Simple. Yes? There are problems, I know.

The blast from the hidden bomb will trigger the larger bomb before we can fly clear. I estimate that the two bombs should go off almost simultaneously. But Ray and I need rise up only fifteen feet on our Orion. Then the blast from the larger bomb should propel us through the skylights. If the two bombs are more than fifteen feet apart—ideally twice that distance—then the shock wave from the hidden bomb should not get to the larger bomb before we have achieved our fifteen feet elevation.

Our heads will heal quickly after we smash through the skylights as long as we are in one piece.

The physics are simple in theory, but in practice they are filled with the possibility for limitless error. For that reason I figure Ray and I will be dead before sunrise. But any odds are good odds for the damned, and I will play them out as best I can.

I stop at a phone booth and call my primary troubleshooter in North America. I tell him I need dynamite and thick sheets of steel in two hours. Where can I get them? He is used to my unusual requests. He says he'll call back in twenty minutes.
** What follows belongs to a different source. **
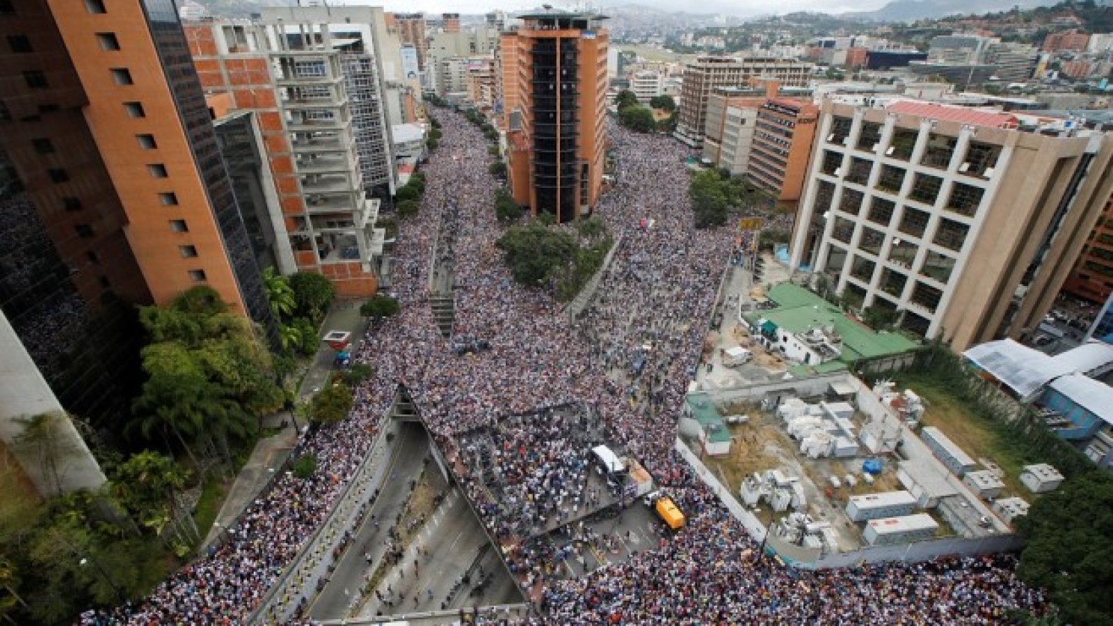 Хиляди демонстрираха в сряда по улиците на венецуелската столица Каракас, скандирайки „Тръгвай си, Мадуро“ и „Гуайдо, президент“. Временният президент Хуан Гуайдо вече получи подкрепата на САЩ, Бразилия, Колумбия, Перу и Канада. Снимка: Ройтерс

Fifteen minutes later he is back on the line. He sounds relieved because he knows it's not good to bring me disappointing information. He says there is a contractor in Portland who carries both dynamite and thick steel plating. Franklin and Sons—they build skyscrapers. He gives me the address of their main warehouse and I hang up. Portland is eighty miles away. The time is ten-fifty.

I sit in my car outside the warehouse at a quarter to midnight, listening to the people inside. The place is closed, but there are three security men on duty. One is in the front in a small office watching TV. The other two are in back smoking a joint. Since I have spent a good part of the night thinking about Krishna, hoping he will help me, I am not predisposed to kill these three. I climb out of my car.

The locked doors cause me no problem. I am upon the stoned men in the back before they can blink. I put them to sleep with moderate blows to the temples. They'll wake up, but with bad headaches. Unfortunately, the guy watching TV has the bad luck to check on his partners as I knock them out. He draws his gun when he sees me, and I react instinctively. I kill him much the same way I killed Ray's father, crushing the bones in his chest with a violent kick. I drink a belly

full of his blood before he draws his last breath. I am still weak.

The dynamite is not hard for me to find with my sensitive nose. It is locked in a safe near the front of the building, several crates of thick red sticks. There are detonator caps and fuses. Already I have decided I will not be taking my car back to Mayfair tonight. I will need a truck from the warehouse to haul the steel sheets. The metal is not as thick as I wish; I will have to weld several layers together. I find a welding set to take with me.

There are actually several suitable trucks parked inside the warehouse, the keys conveniently left in the ignitions. I load up and back out of the warehouse. I park my Ferrari several blocks away. Then I am on the road back home.

It is after two when I reenter Mayfair. Ray is sitting by the fire as I come through my front door. He has changed. He is a vampire. His teeth are not longer, or anything silly like that. But the signs are there—gold specks deep in his once uniformly brown eyes; a faint transparency to his tan skin; a grace to his movements no mortal could emulate. He stands when he sees me.

"Am I alive?" he asks innocently.

I do not laugh at the question. I am not sure if the answer is something as simple as yes or no. I step toward him.